Einleitende Gedanken

Nach Klaus Grawe[1] hat die Psychotherapieforschung die Aufgabe, vier Fragen zu beantworten, die angewendet auf die Musiktherapieforschung folgendermaßen lauten: 1. Ist Musiktherapie wirksam? 2. Welche Form der Musiktherapie ist besser oder am besten? 3. Welche Form der Musiktherapie ist für wen indiziert? 4. In welcher Form wird Musiktherapie betrieben? Der Verlauf der Forschungsaktivitäten bestimmt den Stand der disziplinären Entwicklung, die sich anhand der Beantwortung der oben genannten Fragen in 4 Phasen unterscheiden lässt:  Legitimationsphase (I), Wettbewerbsphase (II), präskriptive Phase (III) und Prozessforschungsphase (IV).

 

 
 

 

FREITAG: 9.2.2024

ab 12h Anmeldung

 

13:00 BEGRÜSSUNG

Einführende Gedanken Susanne Metzner

 

13:30  VORTRAG: Interaktionsfokussierte Musik-

therapie mit krebserkrankten Kindern und wichtigen Bezugspersonen (INMUT): Herausforderungen und Chancen einer multizentrischen randomisiert-

kontrollierten Machbarkeits-Studie

Constance Boyde, Witten/Herdecke & Anna Görsch, Dortmund

 

14:45 ERFRISCHUNGSPAUSE

 

15:15 VORTRAG: Herausforderungen und Chancen einer internationalen Studie zur Musiktherapie im systemischen Kontext

Carina Petrowitz, Würzburg & Thomas Wosch, Würzburg

 

17:00 POSTERSESSION

Moderation Petra Burzlaff und Carmen Ding

 

18:30 ABENDIMBISS

 

19:30 BUCHVORSTELLUNG:

Literaturkompass Musiktherapie - Eine Reise durch Praxis, Theorie und Forschung mit 101 Büchern

Thomas Stegemann, Sandra Lutz Hochreutener, Hans Ulrich Schmidt (Hg.)

 

20:00 POSTERPREISVERLEIHUNG

(Horst Kächele Advancement Award)

 

anschließend Musikalischer Abschluss

 

 

SAMSTAG, 10.2.2024

8:50     WARM UP UND EINFÜHRUNG

Josephine Geipel

 

9:00 VORTRAG: Music Therapy for Preterm Infants and their Parents – from Research into Clinical

Implementation

Łucja Bieleninik, Gdansk (Polen) Shulamit Epstein, Haifa (Israel)

 

10:15 ERFRISCHUNGSPAUSE

 

10:45 DISKUSSIONSFOREN

 

1. „Warum gibt es so wenige Musiktherapie-Studien für den Bereich Psychiatrie/Psychosomatik?
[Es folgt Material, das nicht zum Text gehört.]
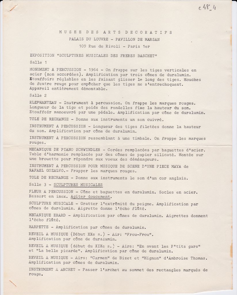 Κείμενο, δακτυλόγραφο, με μαύρο μελάνι, στα γαλλικά, χαρτί, 2 φφ., 26,8×21,0 εκ. Κατάλογος εκθεμάτων της έκθεσης μουσικών γλυπτών των αδελφών Baschet στο Παρίσι τι 1964.
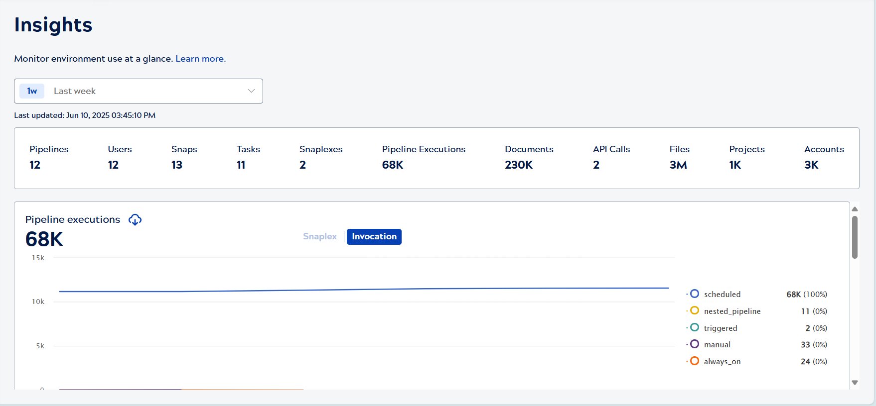 The Insights page shows an overview of environment use. Data collates daily at midnight UTC and the page refreshes when the data is ready. For example, data from Monday isn't added until a few hours after midnight on Tuesday.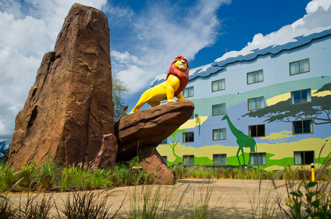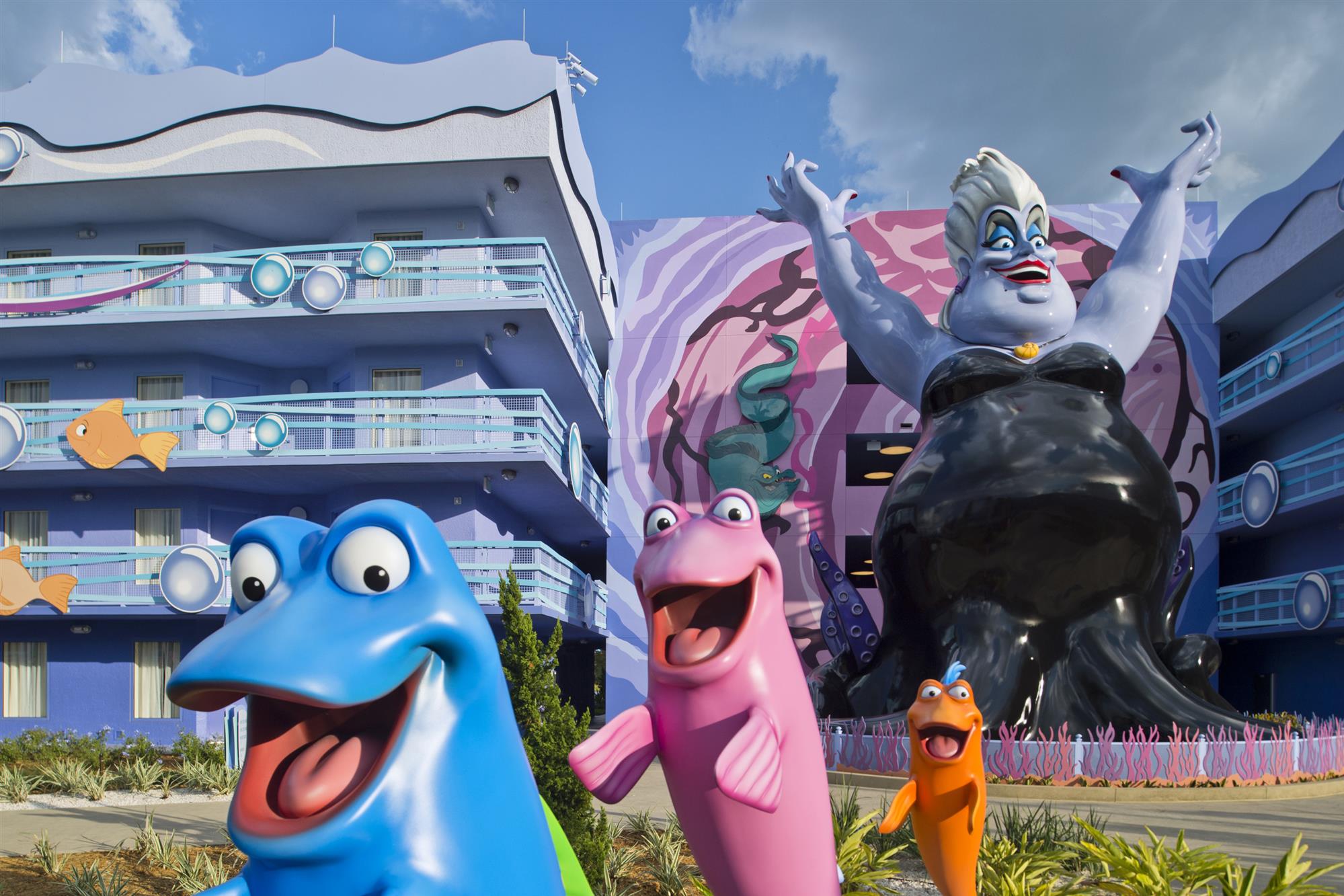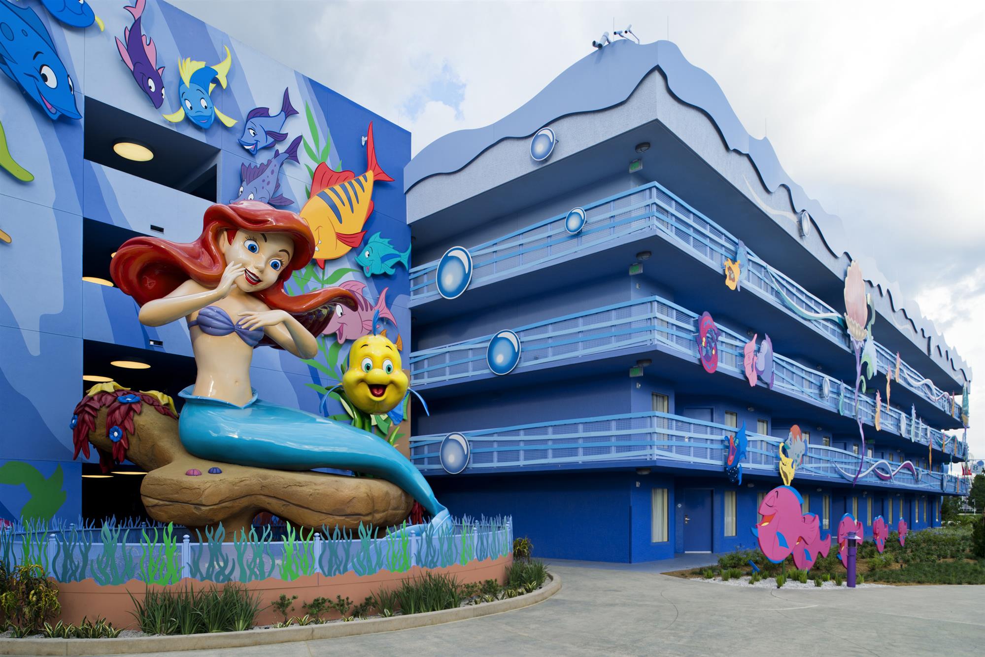 The Art of Animation Resort bases its theme on Disney animated films. The 87 acre resort has themed room interiors in nearly all of the 2,000 units and 864 themed rooms in The Little Mermaid (non-suite) wings. Animation Hall is the main building and houses the front desk, concierge, the Ink and Paint Shop, the Landscape of Flavors eatery, and arcade.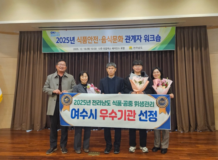 ![]() 여수시가 전라남도 주관 ‘2025년 식품·공중 위생업무 평가’에서 우수기관으로 선정됐다. |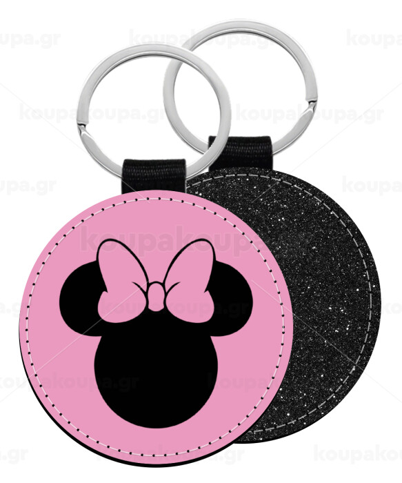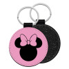 mouse girl, Μπρελόκ Δερματίνη, στρογγυλό ΜΑΥΡΟ (5cm)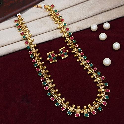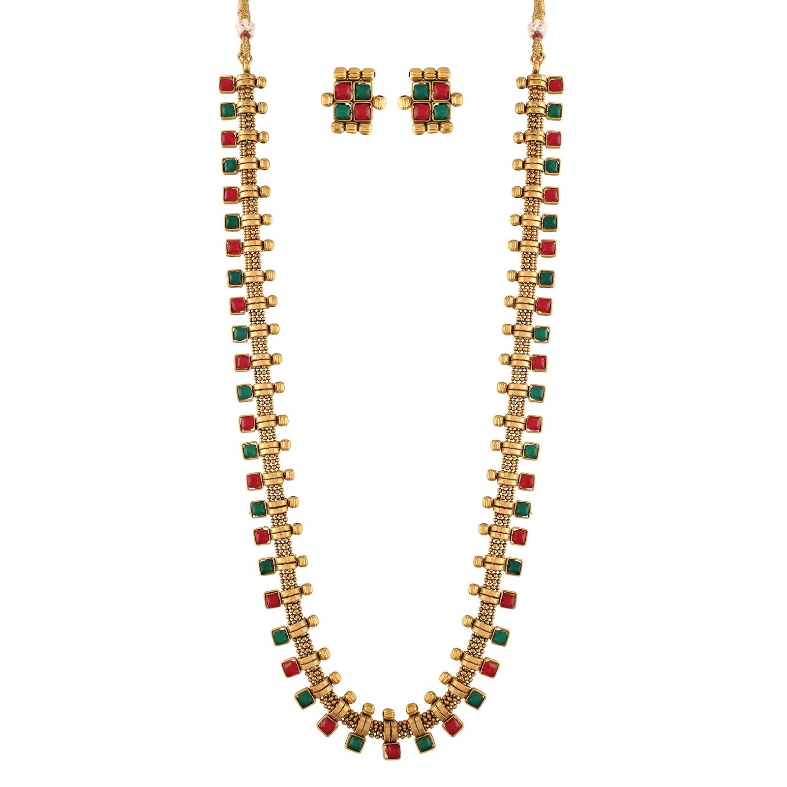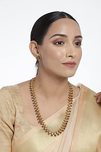 I Jewels 18K Gold Plated South Indian Multicolour Stone Long Necklace & Earrings (MC041) – Fast Shipping to USA & Canada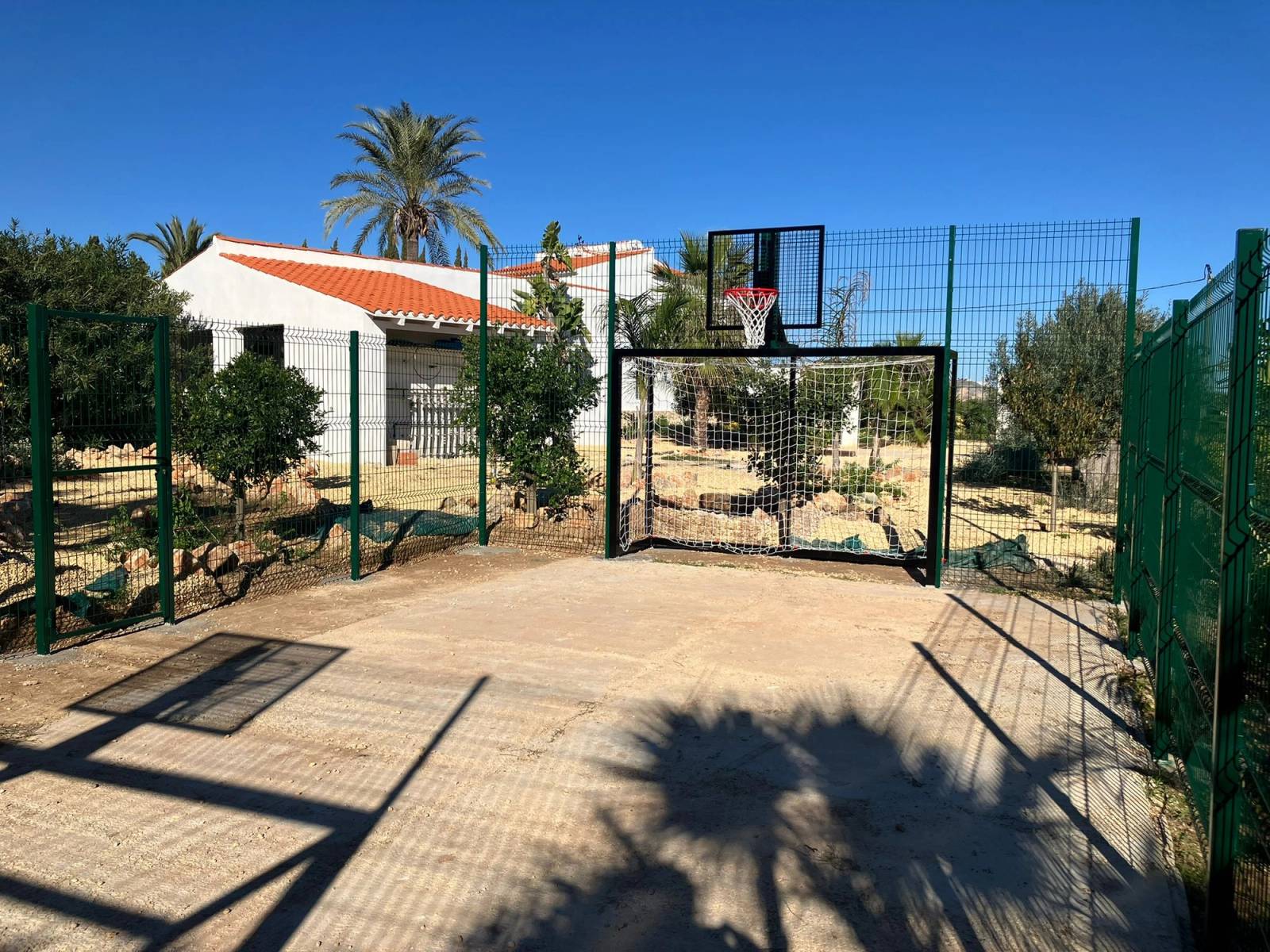 The villa has a large swimming pool with a shallow end, as well as a fenced sports field with goals. The garden is fully enclosed with a wall, a gate and a large gate, making it a safe and spacious play area. In addition, there is a cot and a high chair. In most bedrooms there is enough space to add a cot.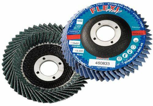 tárcsa számos anyaghoz alkalmas: acél, rozsdamentes acél, öntöttvas, alumínium, üvegszál, műanyag, fa stb. Rugalmas fülek a legösszetettebb alkatrészek megmunkálásához. A koptató ferde szárnyak az üvegszálas hordozó részét képezik. Szilárd pamut alátét, oxid csiszoló cirkónia Norzon® R822.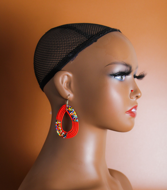 Maasai Orange Beaded Earring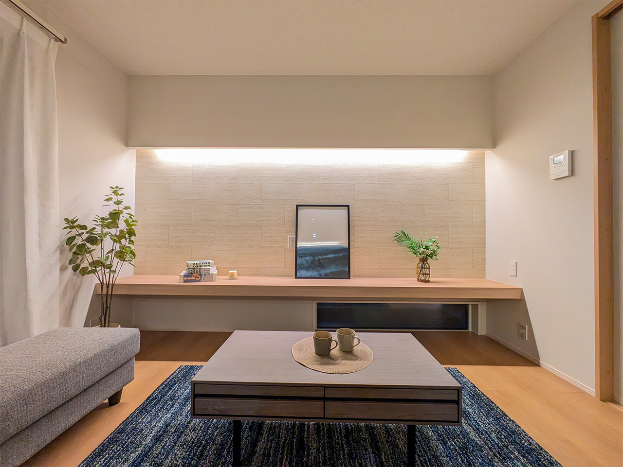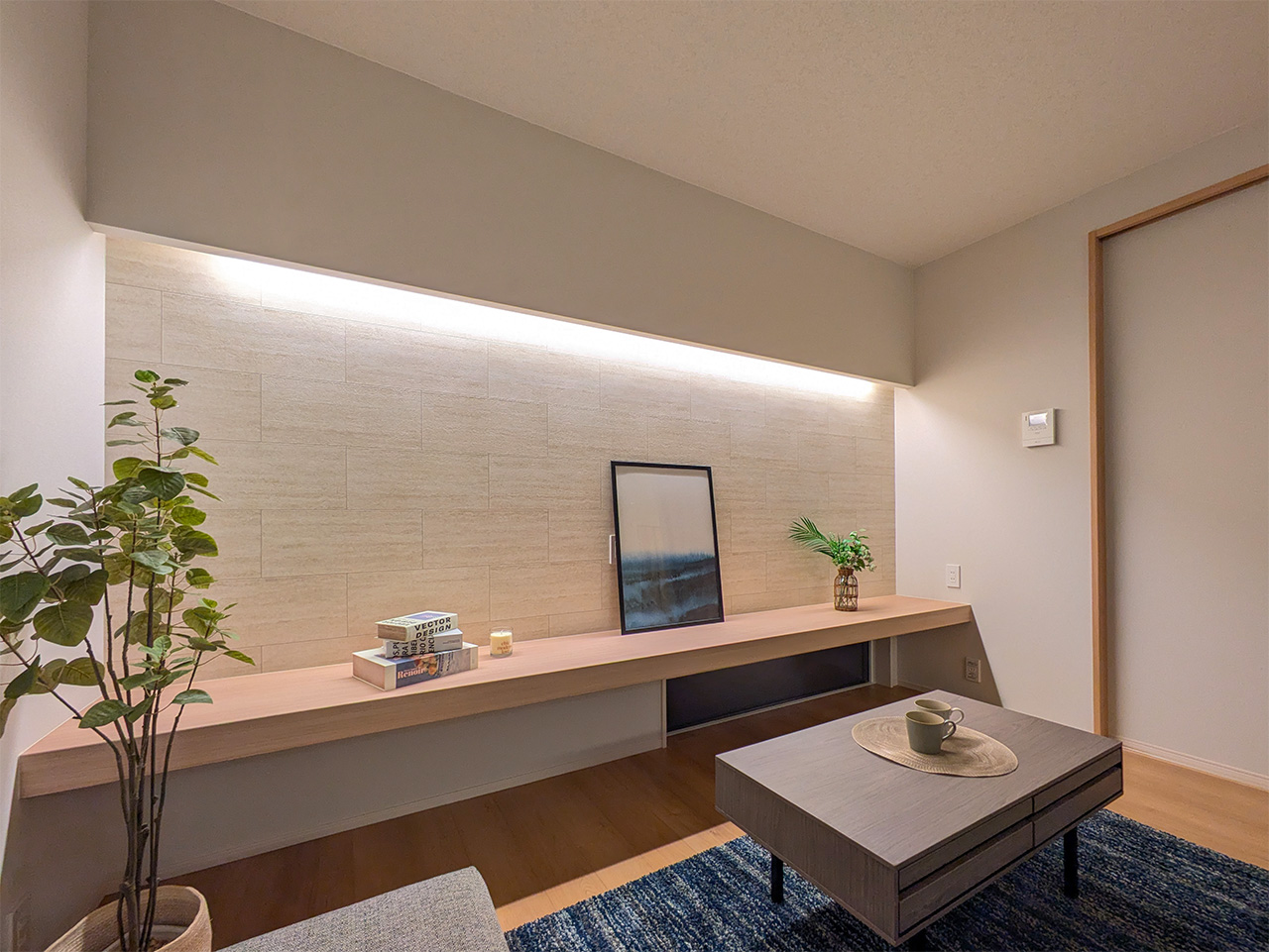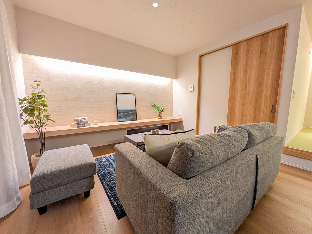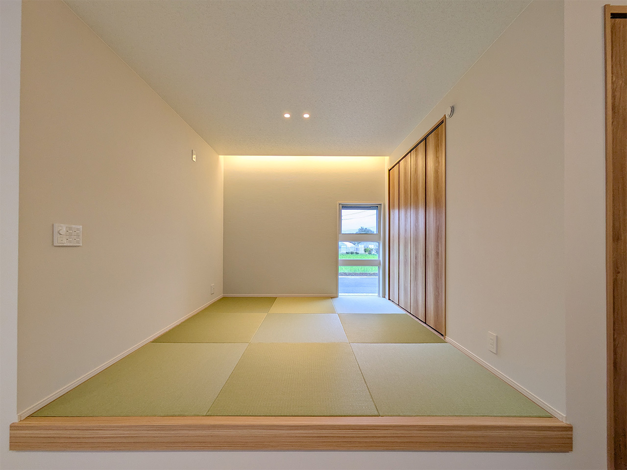 LDKと緩やかに繋がるタタミコーナー。柔らかい畳の上でお昼寝したり、子どもと寝そべって本を読み聞かせしたり、時にはお座敷スタイルで一味違うディナーを楽しんだり。ちょっと贅沢な時間を楽しめる個性的な和モダン空間です。

Welche weiteren „weißen Flecken“ gibt es in der Musiktherapieforschung“

Hans Ulrich Schmidt & Gitta Strehlow

 

2. Die Bedeutung des Scientist-Practitioner-Modells für erfahrene Musiktherapie-Praktiker*innen

Josephine Geipel & Susann Kobus

 

3. Sind Roboter die besserenStudienmusiktherapeut*innen?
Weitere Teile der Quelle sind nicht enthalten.